Вскочила и головой трясет, чтобы стряхнуть с себя это красное наваждение. Платок из кармана вынула белоснежный, будто капитулировать хочет.
А он хохочет, похотливо, грубо.
Она этот смех помнит. И куклу свою поруганную, и его слова сквозь гогот, как рык дикого животного, — всех вас вот так давить, куколки, вот так, и хрясь каблуком по прекрасному лицу — вот так. И мамины синяки помнит, и слезы, ее нежные руки, его ублажающие, ее слова, ласковые, беспомощные, утешающие, в ответ на его дикий хохот, от которого все дрожало — и в доме, и внутри нее. Она, маленькая девочка, мечтала, чтобы он умер. Почему умерла тихая ласковая Кларуся, мамина сестра, и оставила им его, чужого, ненужного, страшного? Она так хотела, чтобы он умер, что готова была его убить, только не знала, как это сделать.
Теперь знает, у нее есть опыт.
Только алиби у нее нет.
Зато она знает, каким послушным, легким будет нож, как уверенно, будто привычно, бьет рука, как податливо и упруго неподвижное и расслабленное тело…
…Однако — ей все это приснилось. Ей всегда снятся плохие сны, подробные и напрасные.
* * *
— Привет. Не сплю, совсем наоборот — разгадываю сон.
— Свой.
— Да, это очень важно, очень. Не знаю почему, но очень важно.
— Я не шучу, мне нужно понять этот сон, чтобы понять себя.

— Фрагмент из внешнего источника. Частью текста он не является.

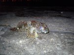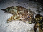 The Crab pot (collapsible net type hobby creel from ebay) and dropnet where baited with a punctured tuna tin. Crab pot went in first, while waiting I went to a shallower place with the drop net and let it down into about 1.5m of water. After about 30 seconds a lot of traffic could already be seen on the seafloor between crabs and prawn and something I couldnt make out but as soon as it was on the net I pulled it up and what a beautiful beast! A long Spined Scorpionfish. Its belly was all blue as around the mouth, just amazing.

— Ты мне все объяснишь? Боюсь, ты слишком много на себя берешь, дорогой мой. Вряд ли ты знаешь обо мне хоть что-то. Ну, так разве — какие-то несущественные частности, и то в очень узком ракурсе. В щелочку. Да мы только что об этом говорили.
— Нет, почему слепой? Тебе просто неохота распутывать тонкие нити, ворошить клубок — вдруг еще сильнее запутаешь. Или лень. Или неинтересно. Гораздо же проще, необременительнее толковать меня по-своему и к себе приспосабливать поудобнее. Самому с собою делать какие-то выводы и пытаться втиснуть меня в рамочку, сколоченную впопыхах.
— Да никаких у меня к тебе претензий нет. То есть, может быть, и есть, но я сейчас совсем о другом. Не обижайся и не мешай мне, пожалуйста, очень прошу.
— Надеюсь. Потому что, если я не разгадаю этого сна, может случиться что-то непоправимое. Или уже случилось.
— Ничего я не фантазирую. Что-то происходит, я это чувствую. Голова раскалывается.
— Массаж?.. Нет, нет, не надо, не приезжай, сейчас не приезжай…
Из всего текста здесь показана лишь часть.